Fanography is now a static website (and other improvements)
Almost eight years ago I launched Fanography. It has just received its biggest technical overhaul since then: fanography.info is now a static website, generated with Hugo and served from GitHub Pages.
From Flask to Hugo
Before, Fanography was a Flask application: a little Python server that assembled each page on the fly from the underlying classification data. That worked well, but it meant there was always a server that needed to keep running, be kept up to date, and be paid for in one way or another. So I rebuilt it from scratch with Hugo:
The old Flask application has been retired. As with moving my own website to Hugo, the migration should be invisible to visitors—please let me know if something broke!
New information on Fanography
Whilst I was busy with Fanography, I decided to add a bit of data that I've wanted to be there for a long time.
- The Mori–Mukai determinant
- Each entry page now displays the Mori–Mukai determinant $d(X)$, and it is included for all 105 families. I wrote about this invariant, and how I computed it for every family, in a separate blogpost.

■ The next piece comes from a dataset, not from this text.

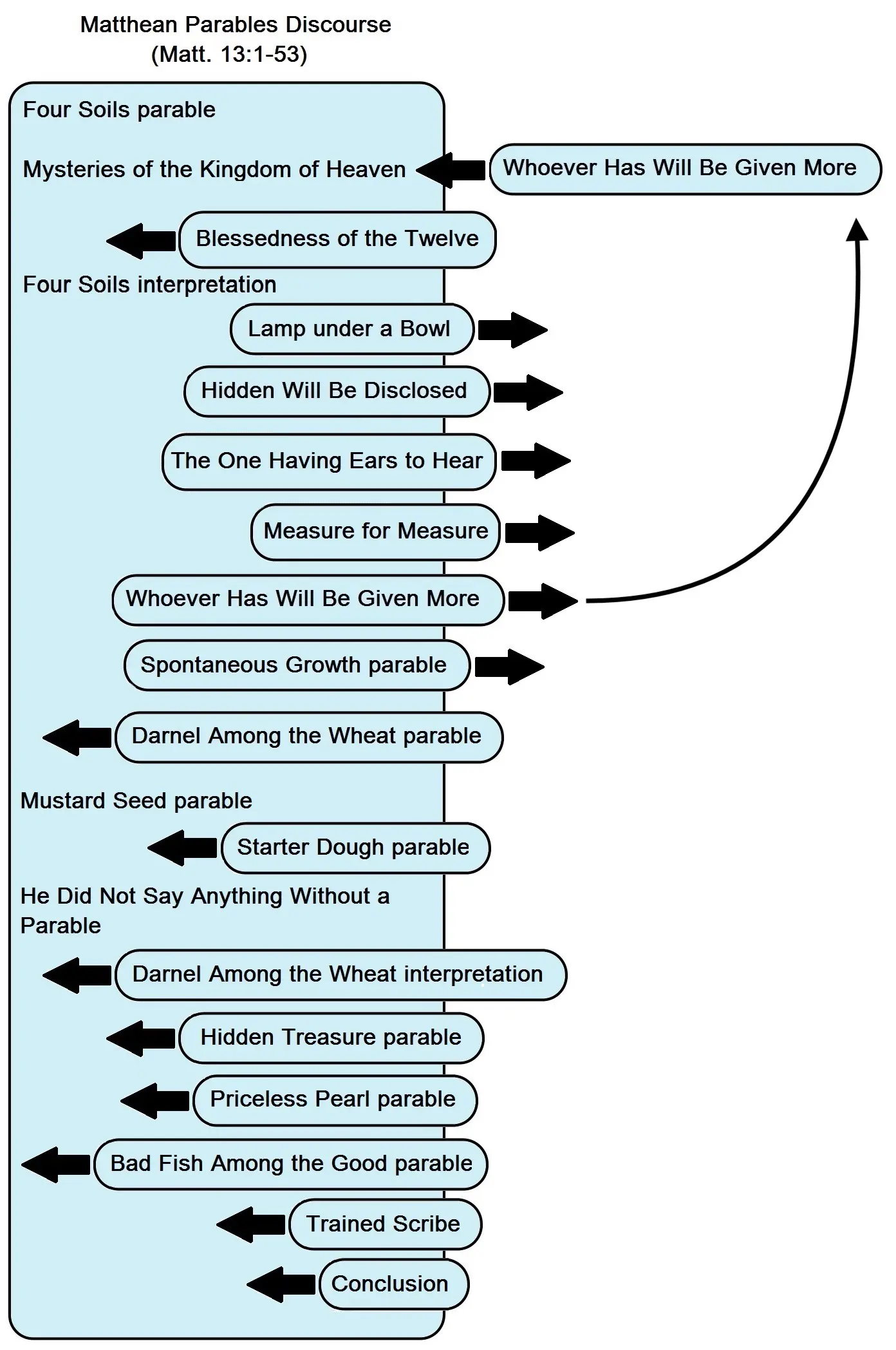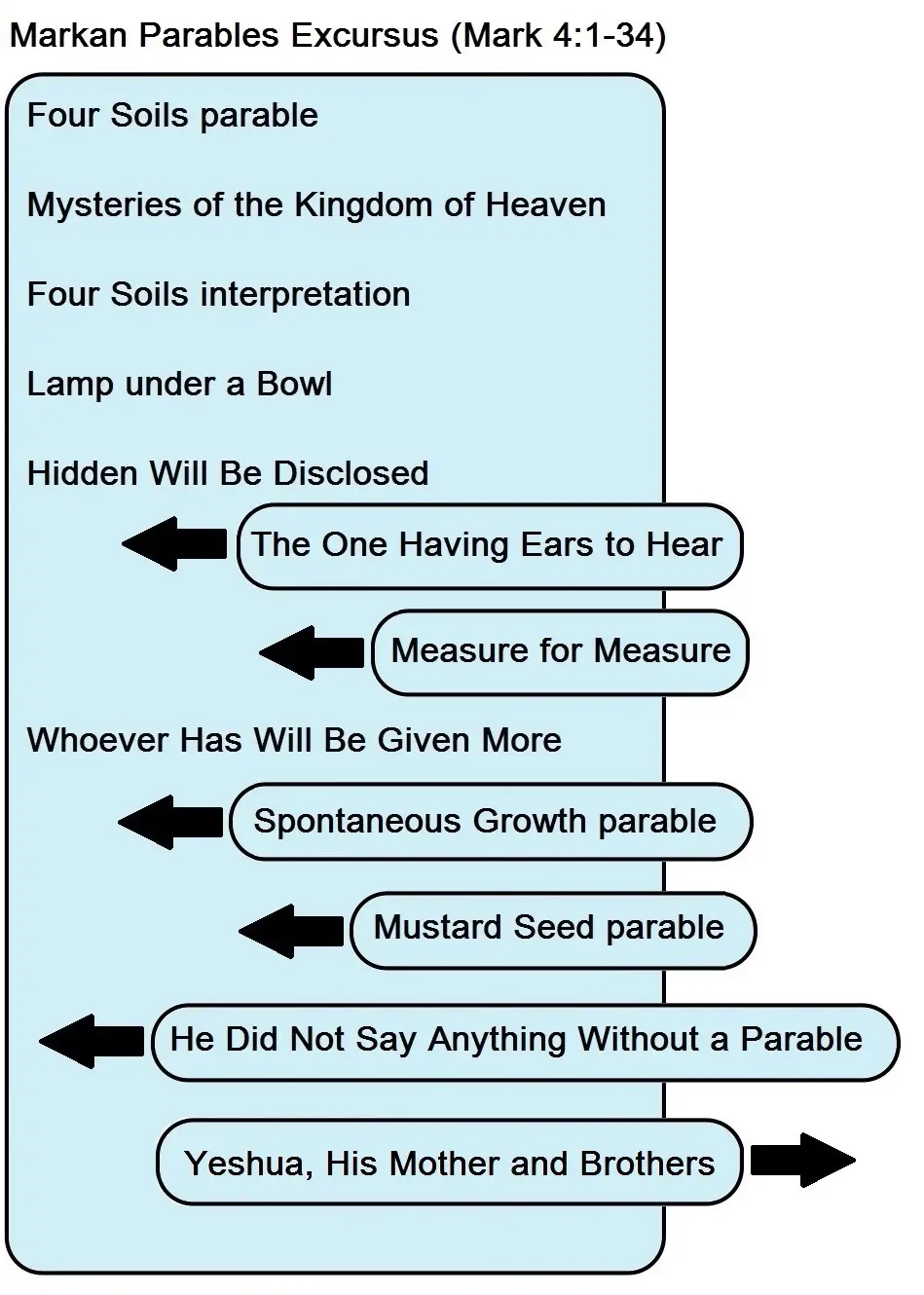 When the author of Mark read Luke’s Gospel he sensed the intrusiveness of the Mysteries of the Kingdom of Heaven saying, but rather than rearrange Luke’s pericope order he decided to modify the wording of the disciples’ question to better integrate Mysteries of the Kingdom of Heaven into its context. Thus, in Mark 4:10 those around Jesus no longer ask, “What is [the meaning of] this parable?”; instead they ask “[about] the parables.” This form of the question more naturally leads into a rationale for Jesus’ use of story-parables. In Matthew the disciples’ question has been shaped even further: “Why do you speak to them in parables?” (Matt. 13:10). This reformulation of the disciples’ question in the Synoptic Gospels is one of the clearest examples of transmission from Luke to Mark to Matthew.
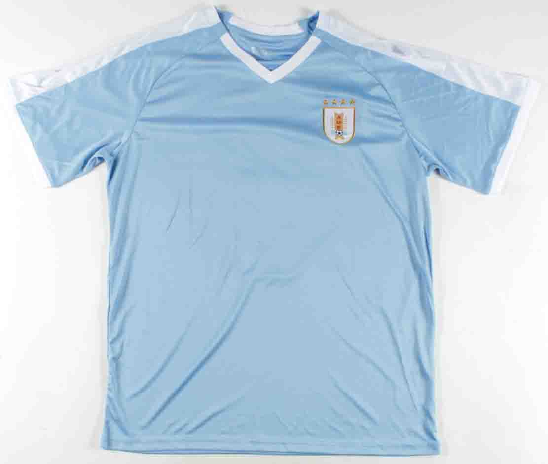 Custom on-field style jersey. Everything printed on, size XL. Hand-signed by Luis Suarez.

- Holomorphic Poisson structures
- There is a new card recording the holomorphic Poisson structures on $X$, that is, the global sections $\pi$ of $\wedge^2\mathrm{T}_X$ for which the Schouten–Nijenhuis bracket with itself vanishes, i.e., $[\pi,\pi]_{\mathrm{NS}}=0$. For Fano 3-folds of Picard rank 1 these were classified by Loray–Pereira–Touzet, and the card lists the irreducible components of $\mathbb{P}\mathrm{H}^0(X,\wedge^2\mathrm{T}_X)$ together with their dimensions. For higher Picard rank the classification is, as far as I know, still open. This sounds like a fun challenge!
Other improvements
A small quality-of-life improvement: you can now use the left and right arrow keys to move between consecutive families, which makes browsing the classification in order much more pleasant.

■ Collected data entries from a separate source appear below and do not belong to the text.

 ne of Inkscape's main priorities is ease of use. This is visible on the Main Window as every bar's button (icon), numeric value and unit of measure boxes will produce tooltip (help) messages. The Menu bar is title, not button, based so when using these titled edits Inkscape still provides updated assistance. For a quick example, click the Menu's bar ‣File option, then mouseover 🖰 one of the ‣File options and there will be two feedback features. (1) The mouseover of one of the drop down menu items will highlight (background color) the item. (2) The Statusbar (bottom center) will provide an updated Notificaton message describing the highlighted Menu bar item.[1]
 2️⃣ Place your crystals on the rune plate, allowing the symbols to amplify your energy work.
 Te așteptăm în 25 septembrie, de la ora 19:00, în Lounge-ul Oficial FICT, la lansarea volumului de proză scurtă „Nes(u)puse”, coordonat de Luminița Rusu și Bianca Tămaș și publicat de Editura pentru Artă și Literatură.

A handful of smaller additions came along for the ride:
- several rank-1 Fano 3-folds are now referred to by name;
- del Pezzo surface pages show the number of exceptional lines, and their polyvector parallelogram.
Maybe more updates to come soon!
Oh, and hyperkaehler.info is now also a static website! But that one didn't get any improvements, so no separate blogpost.